Their early shared experiences would stand them in good stead in the years that followed and would influence them both in their roles as Prime Minister of St. Vincent and the Grenadines and of St. Lucia.

Son and John shared another history as well. In the first part of the 19th century, Sir William Snagg, who owned Carenage Estate in Canouan, brought out a gentleman from East Meon in Hampshire in the UK, to teach ship building. His name was Benjamin Compton. He would teach ship building from Anguilla in the north to Carriacou in the south. One young gentleman from Bequia would go to Canouan to learn from him — his name was William Alexander Mitchell and he would fall in love with Benjamin’s daughter and marry her and so began this rich history of boating and boat building that the Mitchells and the Comptons are so well known for.

In the ensuing years, Son and John never lost their love for a nice sail. At one time they, along with Son’s brother Reginald, owned a yacht together named Colibri — which was then sold for a bigger one, Sapphire. In these casual times together it was possible to share their dreams and hopes for these islands and to plan how they could make a difference. Sometimes they were joined by The Most Excellent, The Rt Honourable Errol Barrow, then Prime Minister of Barbados. I can remember them racing in the Carriacou Regatta one year. What a crew! On these occasions Dipper Barrow, as he was commonly known, was the cook — and gourmet cook he was — for that was one of his passions!

On another occasion, I recall them meeting in Petit St. Vincent with The Honourable Eric Gairy, then Prime Minister of Grenada, to discuss freedom of movement, the first steps in their dream of political union and eventual OECS unity — something about which they were so passionate.

In later years, along came Dame Eugenia Charles from Dominica and Dr. The Rt. Honourable Sir Kennedy Simmonds from St. Kitts and they all became firm friends.

Eugenia, Son and John were all born under the sign of Taurus.  In fact, Son and Eugenia shared the same birthday. It made for a strong and lasting friendship between the three because they understood each other and their goals for these islands were similar — in the words of the late Cheddi Jagan, “towards one common goal of democracy, regional integration, unity in diversity and social progress”.

Together, they crisscrossed Europe to explain the plight of our bananas, fighting the might of the Latin American lobby and some European countries. They weighed all the problems of the OECS together, as they did when Grenada and Guyana went through their terrible trials, and they worked together to support developmental projects in their respective countries.

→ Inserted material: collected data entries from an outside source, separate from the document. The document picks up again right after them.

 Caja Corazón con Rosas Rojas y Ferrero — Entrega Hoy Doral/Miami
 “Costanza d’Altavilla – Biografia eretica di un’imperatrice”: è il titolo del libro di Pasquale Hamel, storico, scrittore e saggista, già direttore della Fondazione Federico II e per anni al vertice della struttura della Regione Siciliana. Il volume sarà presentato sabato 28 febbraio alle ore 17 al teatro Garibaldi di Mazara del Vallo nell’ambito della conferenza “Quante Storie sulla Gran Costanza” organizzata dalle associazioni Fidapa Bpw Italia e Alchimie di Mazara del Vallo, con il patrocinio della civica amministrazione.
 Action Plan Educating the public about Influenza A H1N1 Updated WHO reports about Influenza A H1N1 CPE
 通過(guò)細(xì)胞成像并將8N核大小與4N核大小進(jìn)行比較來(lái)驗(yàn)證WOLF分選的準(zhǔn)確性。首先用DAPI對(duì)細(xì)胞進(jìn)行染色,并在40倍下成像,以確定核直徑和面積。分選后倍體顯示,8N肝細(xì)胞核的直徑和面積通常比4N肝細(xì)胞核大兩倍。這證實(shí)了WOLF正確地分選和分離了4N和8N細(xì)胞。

So strong was their bond that Son could say that their faith and confidence I each other allowed them “to trust the destinies of our respective countries to the hands of a colleague”.

After Eugenia’s retirement we all headed to Dominica to attend a dinner in her honour and I recall a young lady singing a song explaining that OECS meant, “Only Eugenia, Compton and Son”. I always added Kennedy Simmonds to the “S”! To quote Son: “One of the greatest things we have going for us in the Caribbean is the fraternity among the leadership.”

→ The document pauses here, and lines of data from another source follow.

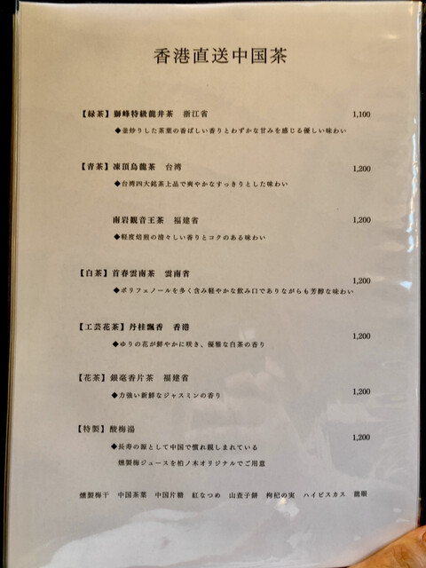 我儘を聴いて頂き誠に申し訳なく、ありがたく思います。中国茶は、メニュー3の写真から選びます。私は「銀豪香片茶(ジャスミンティー) 」をお願いしました。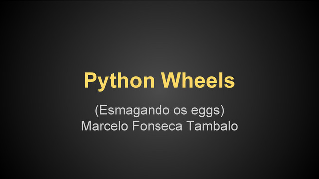 empacotamento relacionados que temos hoje (PEP 376 e a PEP 426) 2. O Wheel implementa essas coisas. 3. Ele também fornece um arquivo convenção de nomenclatura melhor. 4. Ao contrário do .egg, o wheel será um padrão totalmente documentado no nível binário que é realmente fácil de instalar, mesmo se você não quiser usar a implementação de referência.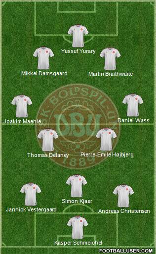 Schmeichel · Christensen · Kjaer · Vestergaard · Delaney · Maehle · Larsen · Höjbjerg · Braithwaite · Damsgaard · Poulsen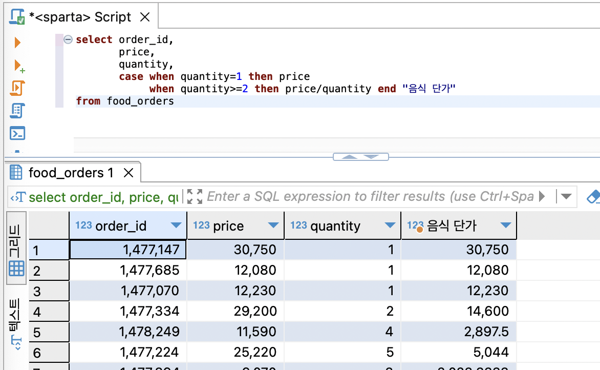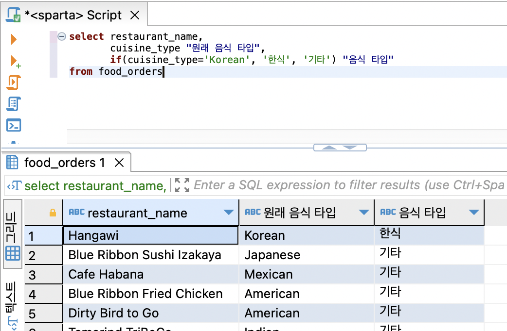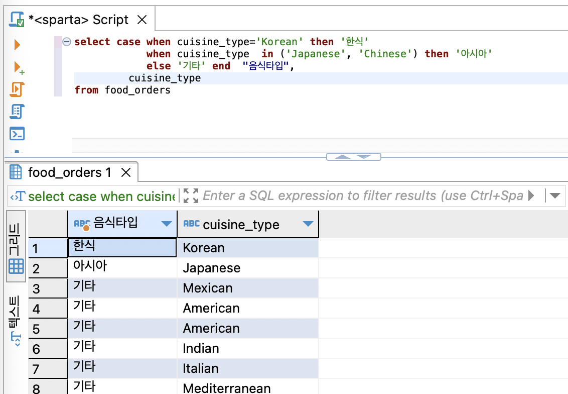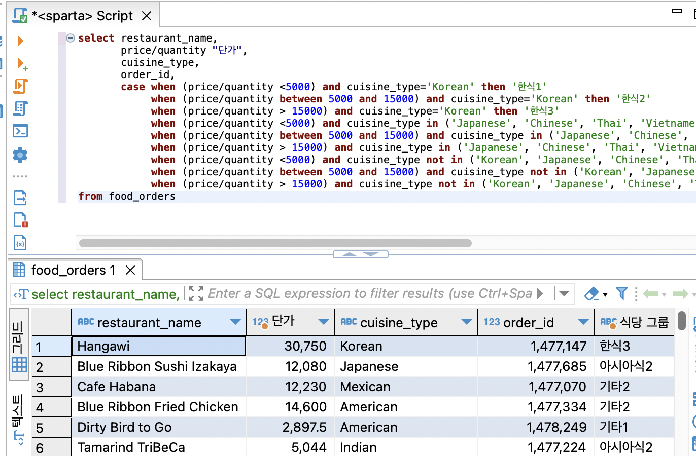 음식단가별, 음식종류별 2가지 조건이 혼합되어 음식종류의 기타에 대해 단순 else를 적용할 수 없음.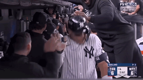 ការពណ៌នាអំពីខ្លឹមសារ: a new york yankees baseball player is being congratulated by his teammates in the dugout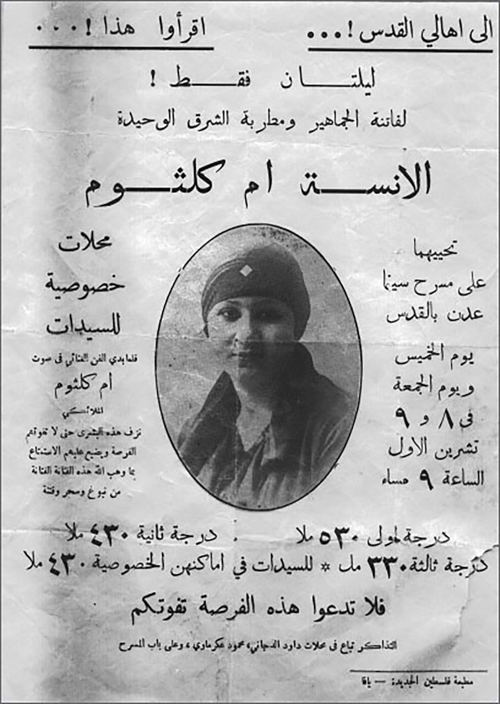 A poster advertising an Umm Kulthum radio concert held in Yafa in Palestine in the 1930s

Son would also say in those years that (and again I quote) “people will look back on these years as the halcyon days of the OECS”.

It was a time when we had less but we had much more simply because we had more time for one another, were more respectful of one another, when we seemed more responsible and giving rather than endlessly demanding rights that should be earned.

When John and I married, we decided to sail to Bequia for our honeymoon. The weather was foul and at daylight we discovered that we had passed Bequia and that she was to starboard, a distance back. Son had, as a mariner would, stayed up the night to check to see if we had arrived. How idyllic Bequia was — and still is! The only vehicle on the island was Geoff Wallace’s Land Rover and he used to drive along the beach at Frangipani on a morning. You could leave your house open and go out because everything would be safe. In those days I got to know Son more as we sailed to Mustique and spent time together. In the years that followed he would arrive at our house with little kind gifts into which he put so much thought — a jacaranda plant or one time he arrived with a coffee table and beamed with pride that it was made by Vincentian craftsmen — for he was always so proud of his Vincentian people and of their ability.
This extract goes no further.